Banks warn of ‘worse than recession’

October 6, 2008

6 October 2008

Banks warn of ‘worse than recession’

The following article is excerpted from the 6 October 2008 edition of the “Toronto Star”.

Economists from Canada’s Big Five banks say they expect little or no growth in the near future and they warned today that the domestic economy’s current gloom will likely deepen into something worse than a recession.

The word “recession” wouldn’t describe the deep structural problems affecting everything from the U.S. housing sector to the Canadian oil industry, said Bank of Nova Scotia chief economist Warren Jestin.

“You have to invent a new word to describe what we’re in now,” he said after the banks presented their perspectives at the Economic Club today.

“It’s being driven through the financial markets into the real economy. All of those things suggest that it’s entirely different than what you might expect from a typical recession.”

In their most recent economics forecast, Scotiabank economists predict recessions for both the U.S. and Canada, economic slides that will require central bankers in both countries to cut interest rates by at least a full percentage point.

All agree that a slide in commodity prices bodes ill for the Canadian economy, which is heavily dependent on the production and export of oil and gas, metals and minerals.
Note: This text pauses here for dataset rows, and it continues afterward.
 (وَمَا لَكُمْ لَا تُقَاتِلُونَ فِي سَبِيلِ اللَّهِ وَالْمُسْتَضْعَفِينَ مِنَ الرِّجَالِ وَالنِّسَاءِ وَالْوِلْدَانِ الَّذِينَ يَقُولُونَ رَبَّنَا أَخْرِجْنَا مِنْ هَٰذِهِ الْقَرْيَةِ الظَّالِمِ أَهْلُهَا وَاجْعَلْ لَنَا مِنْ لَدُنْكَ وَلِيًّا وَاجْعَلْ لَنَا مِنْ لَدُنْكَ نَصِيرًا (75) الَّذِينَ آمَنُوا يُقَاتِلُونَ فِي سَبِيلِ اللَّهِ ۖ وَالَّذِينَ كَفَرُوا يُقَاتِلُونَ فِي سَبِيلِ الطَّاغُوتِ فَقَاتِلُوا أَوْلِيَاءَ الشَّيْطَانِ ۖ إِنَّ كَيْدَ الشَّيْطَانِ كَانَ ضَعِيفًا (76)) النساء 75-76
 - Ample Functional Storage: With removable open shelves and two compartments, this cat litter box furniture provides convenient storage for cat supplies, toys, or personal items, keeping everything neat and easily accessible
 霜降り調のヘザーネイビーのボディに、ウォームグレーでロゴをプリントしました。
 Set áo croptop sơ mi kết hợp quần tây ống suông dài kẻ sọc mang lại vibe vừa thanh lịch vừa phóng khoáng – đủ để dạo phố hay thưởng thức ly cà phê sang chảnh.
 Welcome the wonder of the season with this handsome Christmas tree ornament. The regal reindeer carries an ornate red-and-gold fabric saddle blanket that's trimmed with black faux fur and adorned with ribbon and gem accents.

Drops in oil and metals prices have hit the already teetering Toronto Stock Exchange hard. …

And Bank of Montreal economist Doug Porter said prices will continue to take a beating over the next year, dragging Western Canada’s formerly booming economy in particular down with them. …
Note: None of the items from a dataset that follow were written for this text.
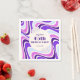 Retro flower with round frame on violet and blue wavy lines background birthday napkin.
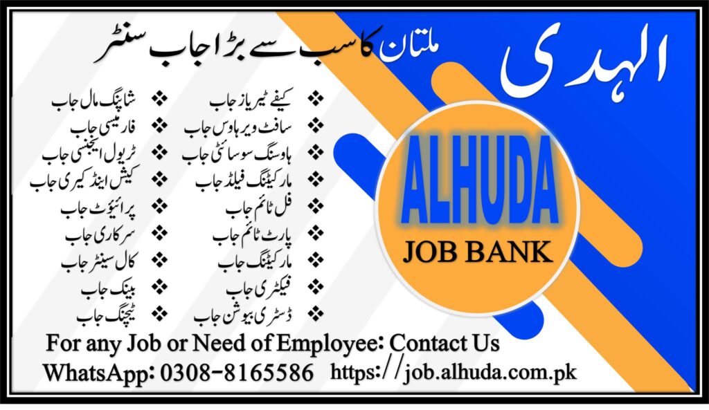 Marketing jobs in Multan are rapidly growing as businesses expand their reach and customer engagement. Alhuda Job Bank helps job seekers find reliable marketing positions by offering verified and professional job placements with reputable companies across the city.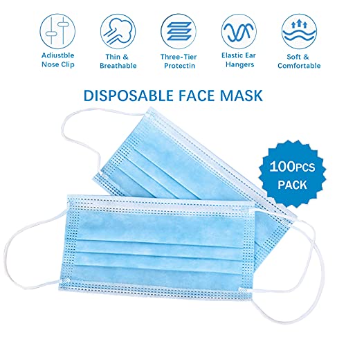 DC-BEAUTIFUL 100 Pcs Blue Disposable 3 Ply Earloop Face Masks,Fit for Adults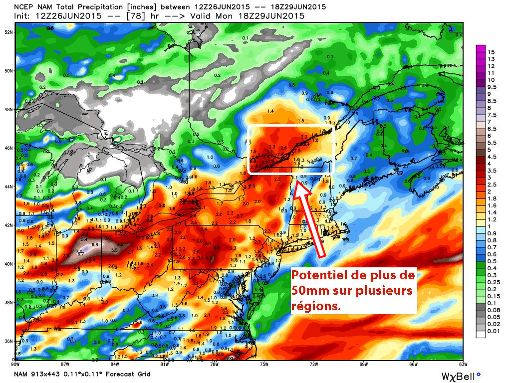 Tout le sud du Québec, y compris Montréal, l’Outaouais, les Laurentides, Lanaudière, Montérégie, Estrie, la Mauricie et le Centre-du-Québec ont des risques de voir du 50mm d’eau et plus entre dimanche et lundi. Les solutions diffèrent un peu d’un modèle à l’autre quant à savoir quelle région sera la plus touchée mais la constance de la force des précipitations est la.

Porter said the direction of Canada’s economy depends on whether the financial-sector troubles in the United States start to settle down.
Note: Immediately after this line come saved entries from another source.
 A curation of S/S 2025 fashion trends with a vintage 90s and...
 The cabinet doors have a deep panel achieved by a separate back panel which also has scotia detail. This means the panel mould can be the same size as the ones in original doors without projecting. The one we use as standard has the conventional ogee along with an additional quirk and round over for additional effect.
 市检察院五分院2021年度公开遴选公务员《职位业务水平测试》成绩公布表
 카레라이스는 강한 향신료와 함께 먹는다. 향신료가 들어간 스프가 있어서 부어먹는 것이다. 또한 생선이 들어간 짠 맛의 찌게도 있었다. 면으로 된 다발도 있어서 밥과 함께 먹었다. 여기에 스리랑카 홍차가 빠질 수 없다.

“At this point, if this kind of volatility keeps up, I think we’re looking at a much more serious downturn than the mild recession that most of us are talking about,” he said. “Over the next month, that’s what bears watching.”

The cautious outlook was echoed by Don Drummond of TD Bank, who said the Canadian economy won’t see any growth until late 2009.

Drummond told the Economic Club audience that even at that point there will be only a gradual recovery. …

Jestin remained on the more optimistic side of the loonie’s direction, predicting that it will hold above the 90-cent threshold as it weathers the financial downturn. …

Craig Wright, chief economist at RBC Financial Group, held a more pessimistic view on the dollar, predicting it would slide “just under” 90 cents by the end of next year. The loonie was down 1.78 cents to 90.68 cents US this morning.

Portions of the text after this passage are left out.